A statistics software package powered by R
http://r-instat.org/
GNU General Public License v3.0
38 stars 103 forks source link

Completing the circular components in R-Instat #5503

Open rdstern opened 5 years ago

rdstern commented 5 years ago

The addition of circular statistical summaries into R-Instat, largely by @Wycklife with support from others, has been a major enhancement. They are as follows: a) Circular keyboard on the calculator - including a key to define a variable as circular b) Circular tab on the Prepare > Column: Reshape > Column Summaries These have been merged for the next release c) Polar coordinates in the plotting sub-dialogue - just about ready to merge? d) New simple dialogue to define circular variables. @Wycklife is working on this now.

There remain some detailed @dannyparsons type tasks. I hope they are small! a) Show circular variables in the grid. They are defined in the meta-data. Perhaps wind_dir (ci) would be appropriate, or (cl), or (cr)? b) Check and possibly correct the metadata and hence the display of calculated and summary variables.

circular with summary.zip

I am finding some oddities as I write the documentation. I will describe them as they appear. I am using 2 datasets, both from the library. The attached is from the circular package. It is wind data in radians. The attached is these data with additional variables. It is from 62 days, (in a single year) with 5 observations per day. The additional variables are the direction in degrees, the day and the time within the day. Then I calculate summaries and the summary data frame is also shown. Note that as the data were defined as circular, some of the "ordinary" summaries are "captured" by the software and climatic summaries are calculated automatically.
Oddities include: a) Mean (from ordinary mean. The metadata is all NA - including the name. This seems not to be the case for the other summaries? b) The summary data are not defined as circular. That may be ok, or not. If they are, then a circular mean is still circular, but a circular sd is not - I think. I am not sure what happens with calculated variable. I will report when I know! c) It may be that we simply don't want the ordinary mean (and other ordinary summaries) to produce the circular results, even for data defined to be circular? I notice that max and min are different. Mean is (I think) the same, sd is different! Is it just the mean that is "captured". Can we prevent this? Should we? (If just the mean then one solution is to have our own package with a mean that is the same as the mean in base, and load it after the circular package.)
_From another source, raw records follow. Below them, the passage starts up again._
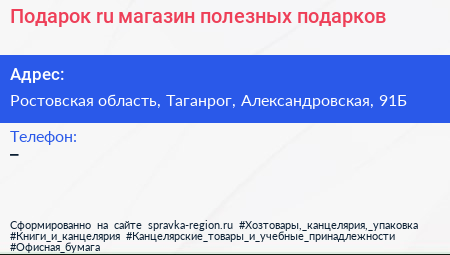 Подарок.ru, магазин полезных подарков по адресу Ростовская область, Таганрог, Александровская, 91Б в дальнейшем Организация, размещена в следующих категориях:
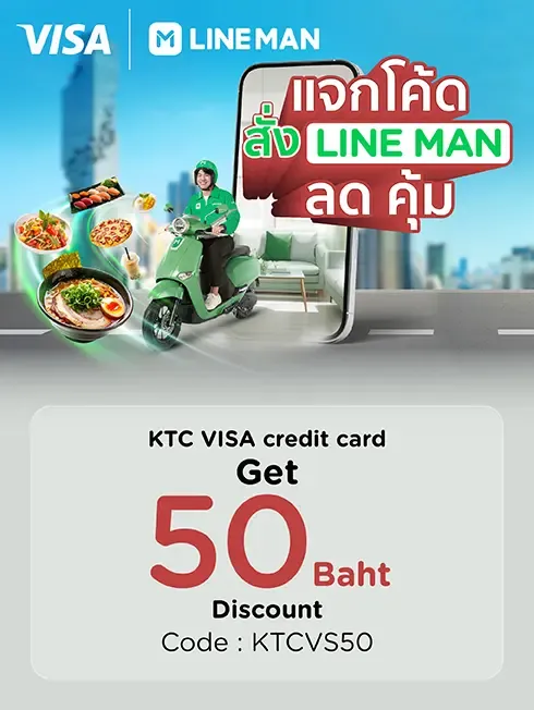 - The cardmembers who shop with the card according to specified conditions via LINE MAN Mobile Application, cardmembers will get a discount of 50 Baht on FOOD orders at a minimum spending of 300 Baht/ transaction (exclude delivery fee) Apply code >> “KTCVS50”
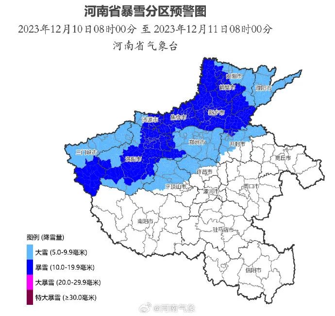 河南省氣象臺(tái)2023年12月9日16時(shí)發(fā)布暴雪黃色預(yù)警:預(yù)計(jì)10日08時(shí)到11日08時(shí),黃河以北和三門峽、洛陽(yáng)、鄭州、開(kāi)封北部、許昌北部、平頂山北部部分縣市將出現(xiàn)5毫米以上的降雪。請(qǐng)注意防范。
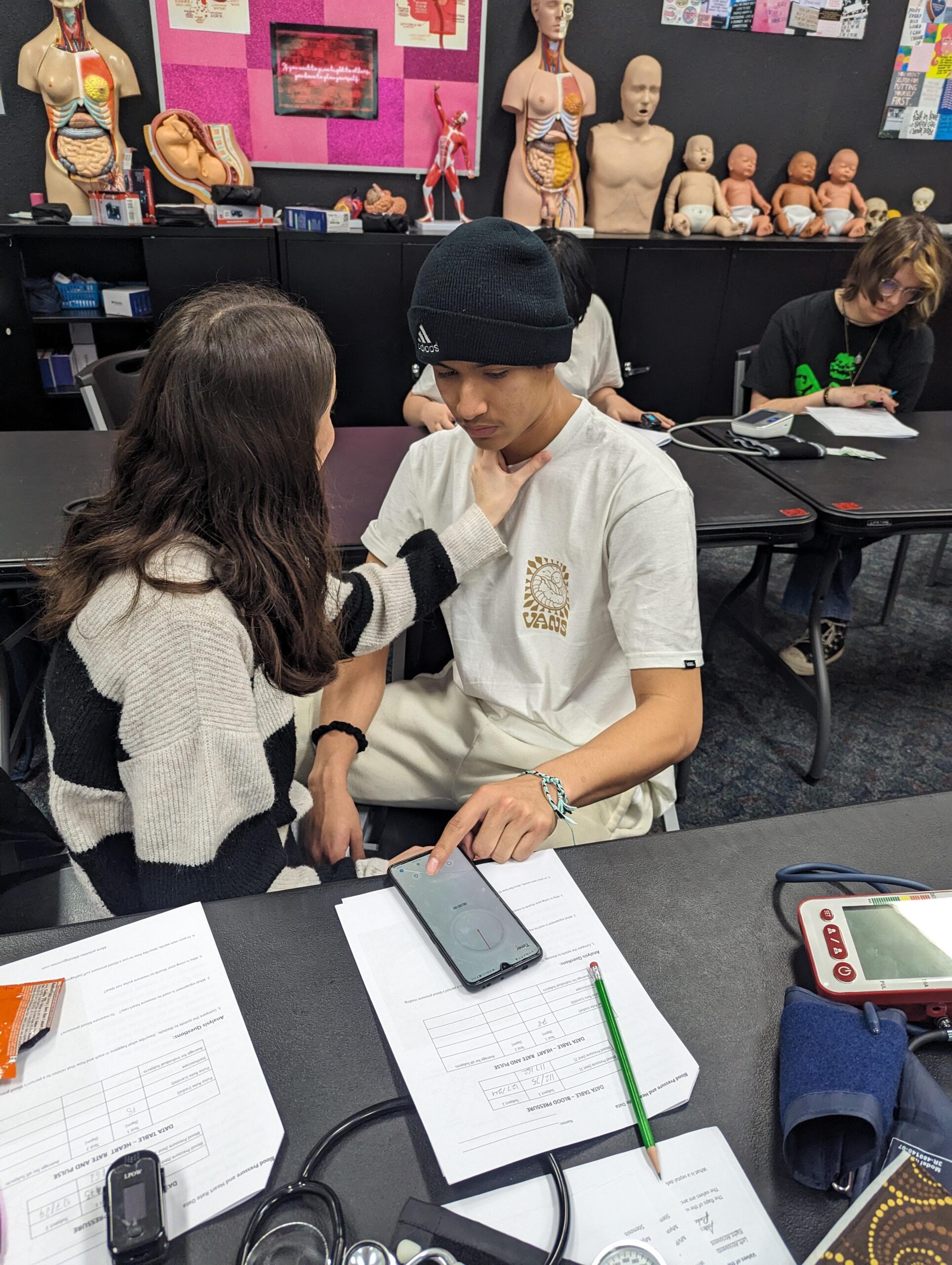 Today the students in anatomy and physiology learned how to take manual and electronic blood pressures as well as manual and electronic pulse rates and oxygen saturations.
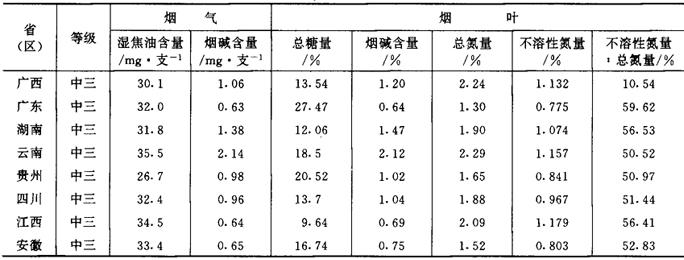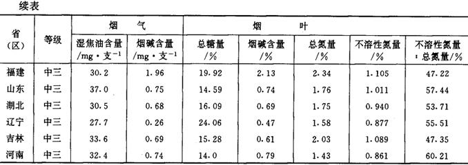 (五)我国部分省(区)优质烤烟烟叶化学成分与烟质评吸结果 见表4-1-18和表4-1-19。 表4-1-18 我国部分省(区)优质烤烟(试点)烟叶化学成分
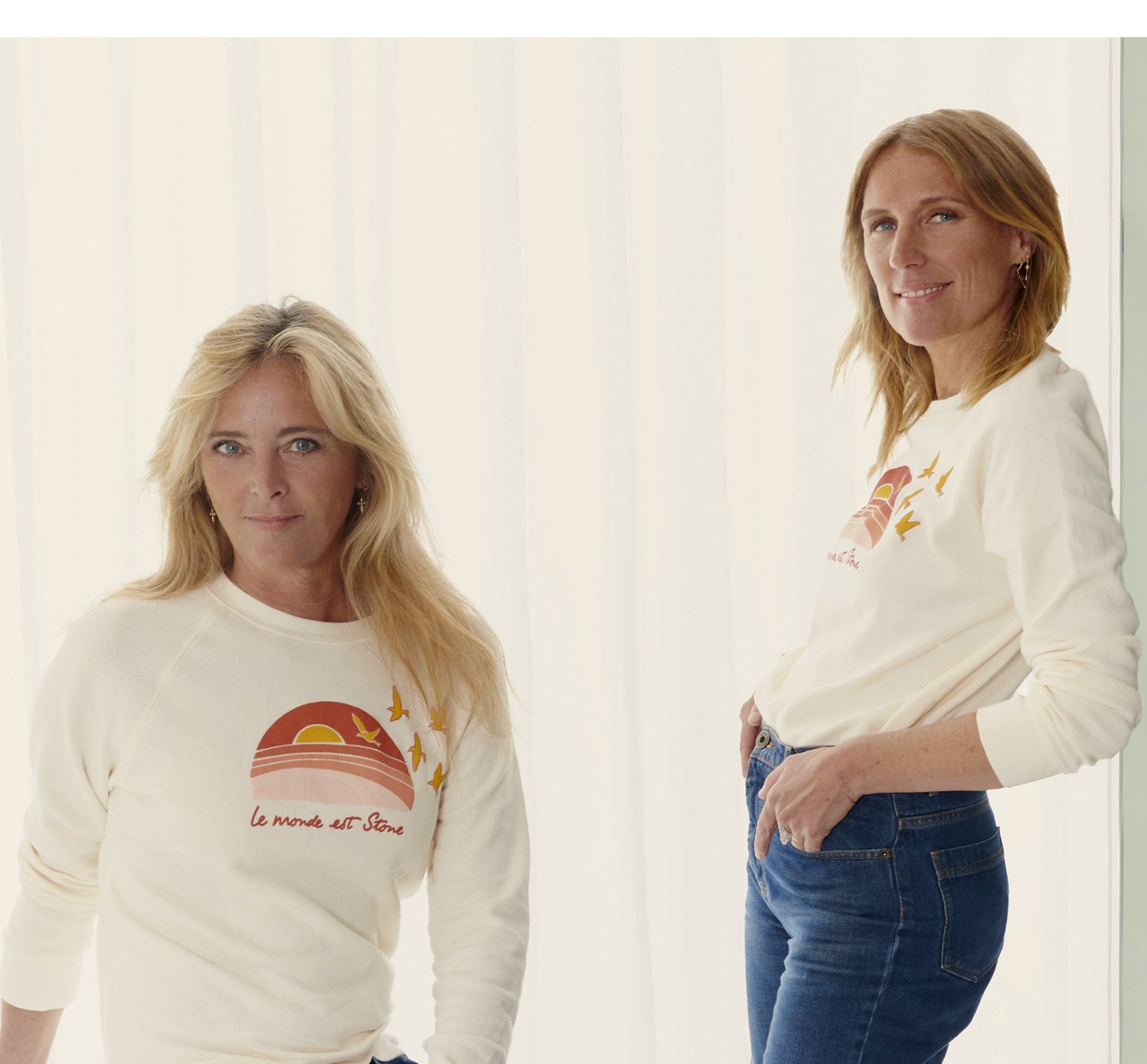 Marie s'associe à Agathe Lecaron, créatrice de la marque ron ron pour imaginer un sweat à leur image : joyeux et solaire ! Marqué du slogan "Le monde est Stone", il traduit la volonté des créatrices de s'adresser à toutes les générations.

rdstern commented 5 years ago

I have looked at what might be possible a bit more to achieve the ordinary mean and median still giving the "ordinary" results even when a variable has been defined as circular. I don't quite understand what is happening because when a variable is defined as circular then it gives the circular median even when I give the ordinary command as stats::median(calc1).
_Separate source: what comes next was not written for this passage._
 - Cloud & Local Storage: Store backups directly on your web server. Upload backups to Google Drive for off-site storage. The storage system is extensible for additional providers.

(I was using the wind data from the circular package and defining a calculated variable as circular.) I had assumed it was all down to the search order for a function, but presumed this should have worked to give the ordinary median. If it is the search order , then one possibility could be to load the circular package with the position argument set high, e.g. from here:

library("circular", pos = .Machine$integer.max)

The only way I was able to get the ordinary median from the ordinary median function (in the R-Instat calculator) for the circular variable was to give the command as: median(as.numeric(calc1)) This is messy, but (if there is no other way, then could the vb code for the mean (and median) check whether the type of variable is circular and (if so) then it adds the as.numeric() into the function?